■ SOURCE MATERIAL ■
══════════════════════════════

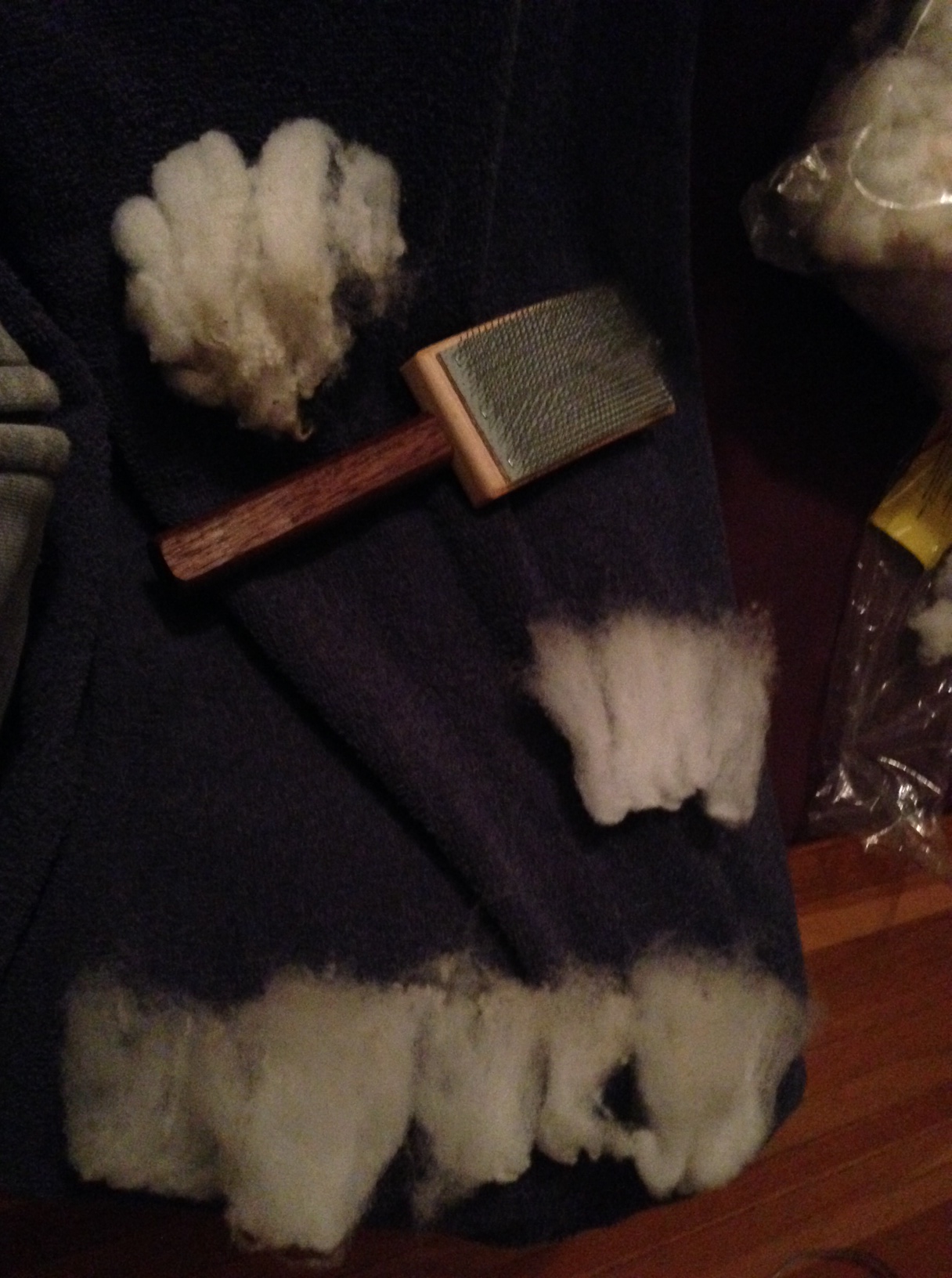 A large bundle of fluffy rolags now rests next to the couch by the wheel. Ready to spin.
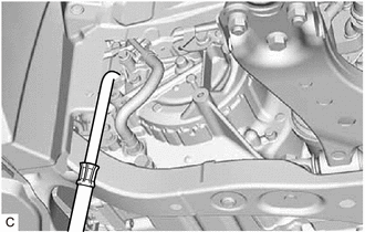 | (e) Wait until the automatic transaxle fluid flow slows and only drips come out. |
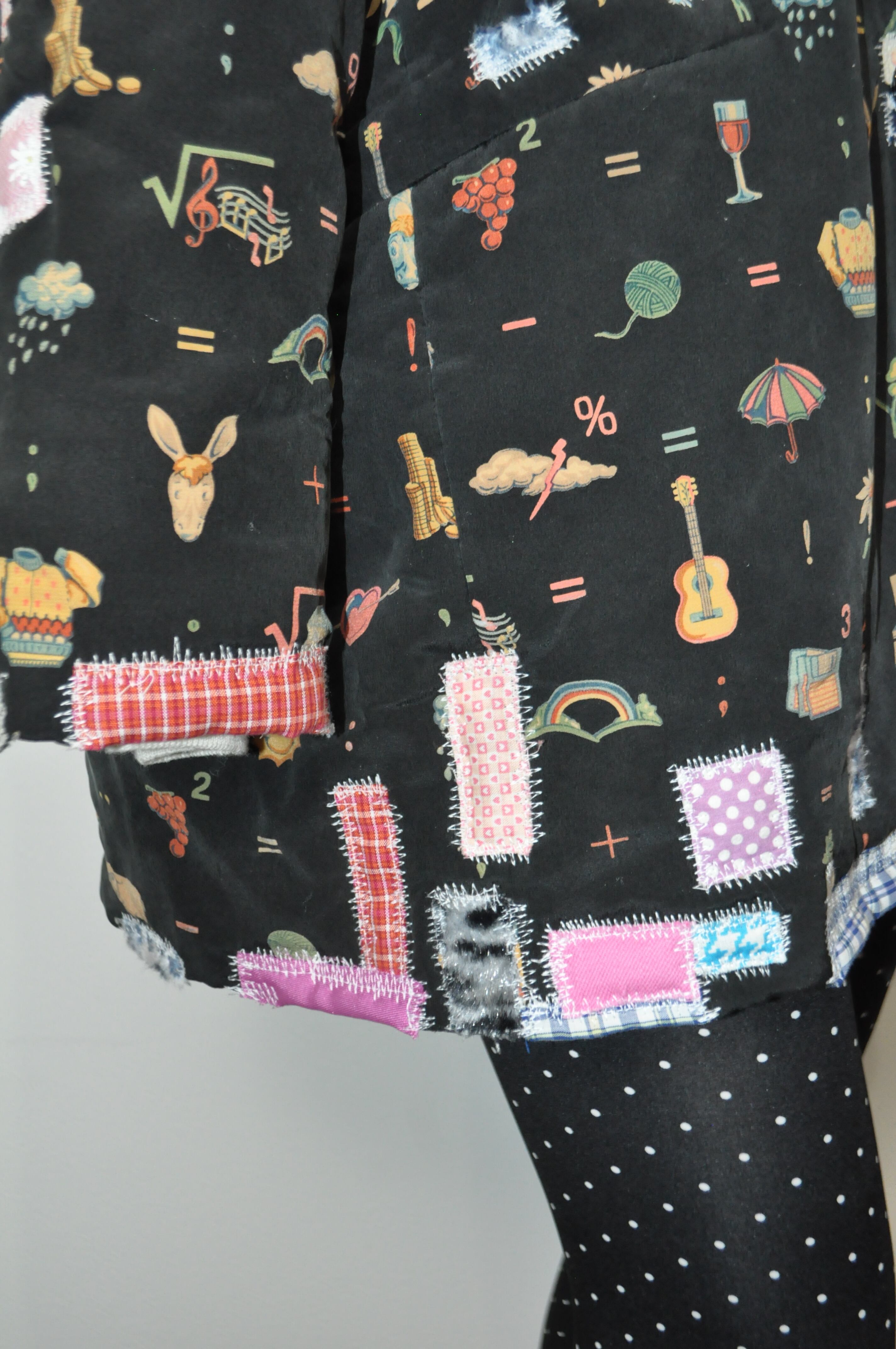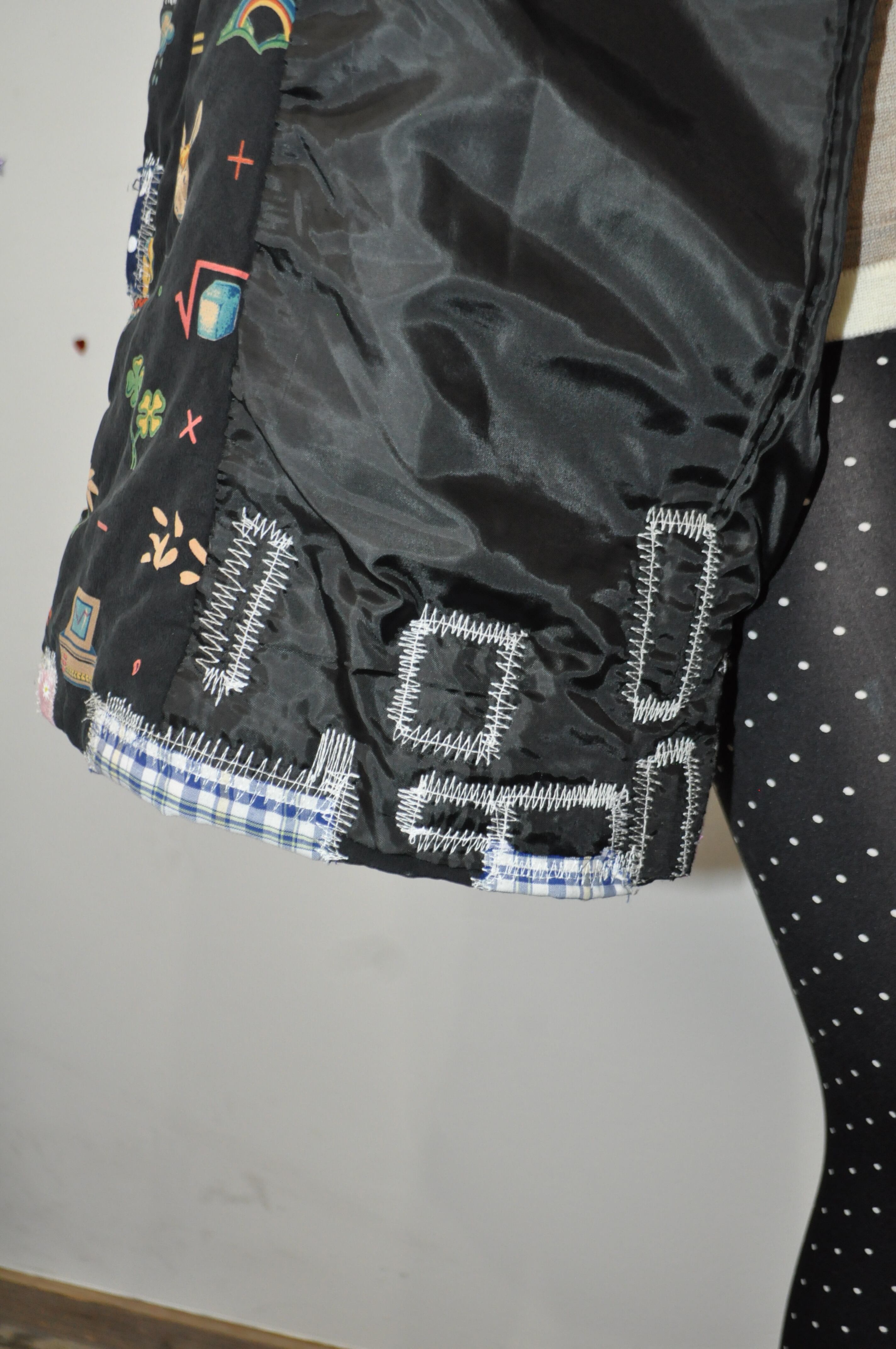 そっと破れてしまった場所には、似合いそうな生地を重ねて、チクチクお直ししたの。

══════════════════════════════

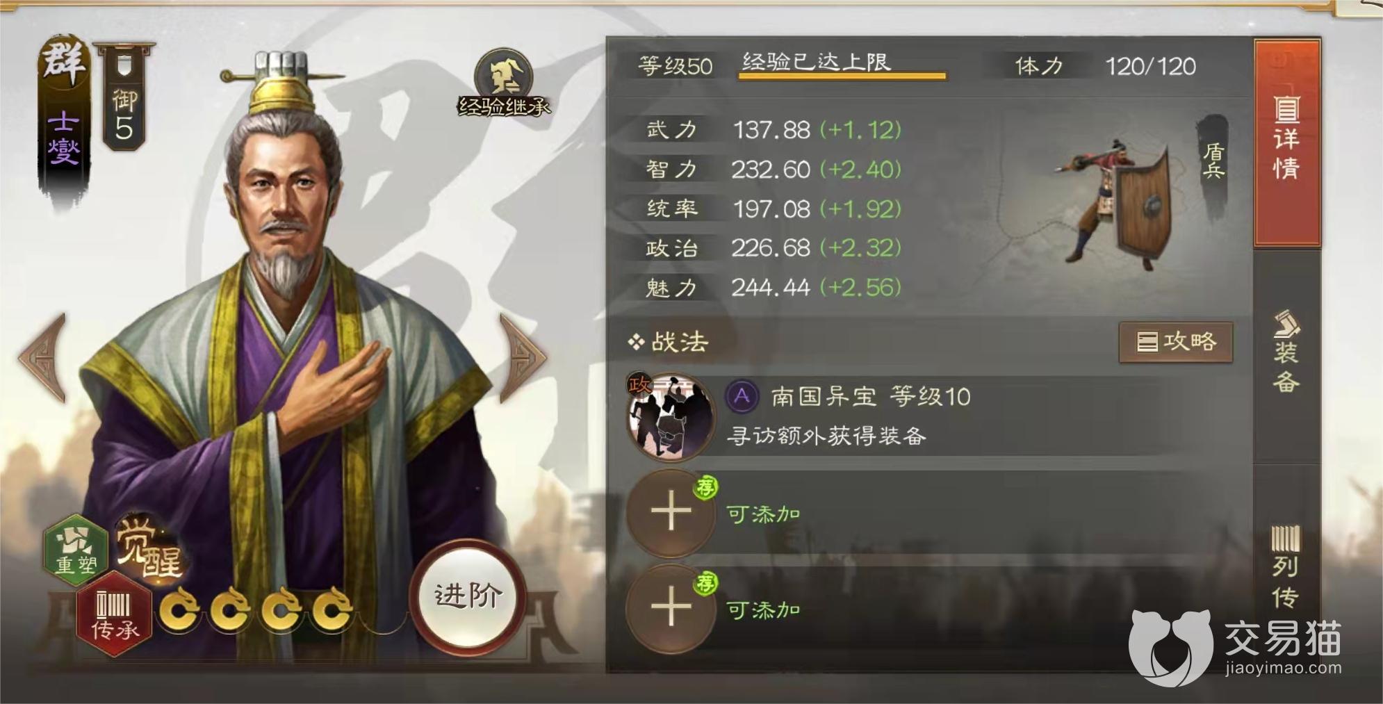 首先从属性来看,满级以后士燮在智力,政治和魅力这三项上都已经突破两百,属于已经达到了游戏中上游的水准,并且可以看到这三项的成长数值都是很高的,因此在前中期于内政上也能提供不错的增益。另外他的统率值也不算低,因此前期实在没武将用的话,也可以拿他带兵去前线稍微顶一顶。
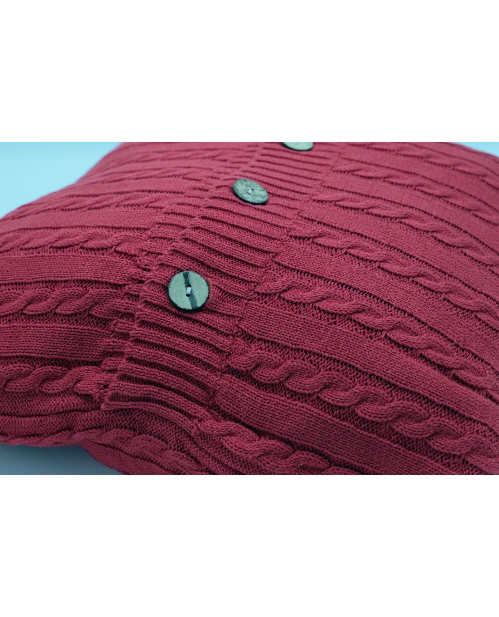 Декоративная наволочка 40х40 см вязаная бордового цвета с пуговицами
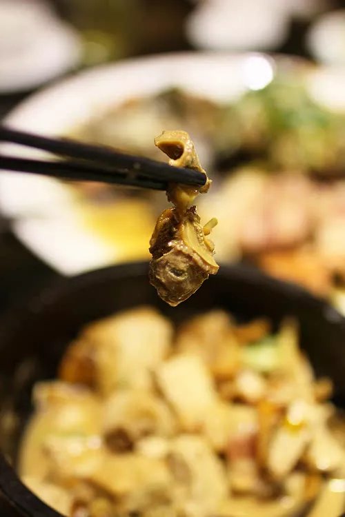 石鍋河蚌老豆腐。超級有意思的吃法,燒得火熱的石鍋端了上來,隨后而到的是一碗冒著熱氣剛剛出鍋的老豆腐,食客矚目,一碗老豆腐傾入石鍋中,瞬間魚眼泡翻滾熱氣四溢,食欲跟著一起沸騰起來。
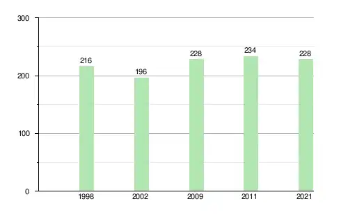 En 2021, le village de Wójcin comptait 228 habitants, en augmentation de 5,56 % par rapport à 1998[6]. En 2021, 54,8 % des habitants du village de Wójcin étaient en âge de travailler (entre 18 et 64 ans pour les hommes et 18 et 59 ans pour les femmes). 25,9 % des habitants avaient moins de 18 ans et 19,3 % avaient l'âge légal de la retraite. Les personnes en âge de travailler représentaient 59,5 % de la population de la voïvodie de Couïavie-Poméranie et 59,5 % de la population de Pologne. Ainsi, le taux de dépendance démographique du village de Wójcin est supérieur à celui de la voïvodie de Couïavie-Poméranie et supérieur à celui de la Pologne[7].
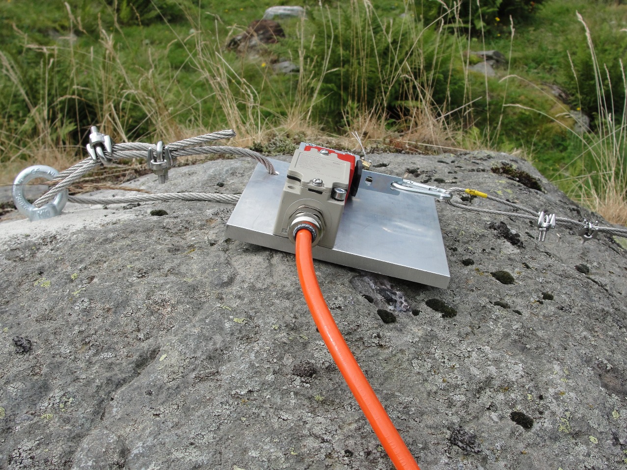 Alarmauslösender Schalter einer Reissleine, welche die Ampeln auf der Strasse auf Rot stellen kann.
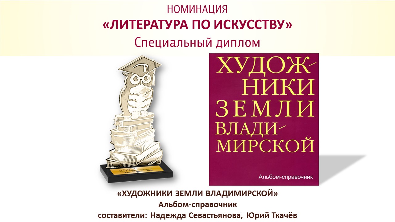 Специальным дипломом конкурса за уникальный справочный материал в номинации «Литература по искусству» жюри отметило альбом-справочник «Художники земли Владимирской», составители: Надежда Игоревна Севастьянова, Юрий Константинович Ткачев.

══════════════════════════════

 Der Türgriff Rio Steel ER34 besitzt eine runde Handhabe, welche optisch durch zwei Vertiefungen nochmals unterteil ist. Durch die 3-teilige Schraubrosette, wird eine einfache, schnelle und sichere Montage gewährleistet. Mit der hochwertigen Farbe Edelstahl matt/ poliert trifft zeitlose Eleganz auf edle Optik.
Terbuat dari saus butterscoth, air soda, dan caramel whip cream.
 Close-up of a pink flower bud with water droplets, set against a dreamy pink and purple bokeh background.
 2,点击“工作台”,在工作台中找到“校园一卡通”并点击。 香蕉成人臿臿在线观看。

══════════════════════════════

■ TASK BRIEF ■
For the entries above, print exactly the lines between the one with "A large bundle" and the one with "そっと破れてしまった場所には、似合いそうな生地を重ねて、チクチクお直ししたの。", inclusive, with no pictures.

■ RESULT OF THE EXERCISE ■
 A large bundle of fluffy rolags now rests next to the couch by the wheel. Ready to spin.
 | (e) Wait until the automatic transaxle fluid flow slows and only drips come out. |
 そっと破れてしまった場所には、似合いそうな生地を重ねて、チクチクお直ししたの。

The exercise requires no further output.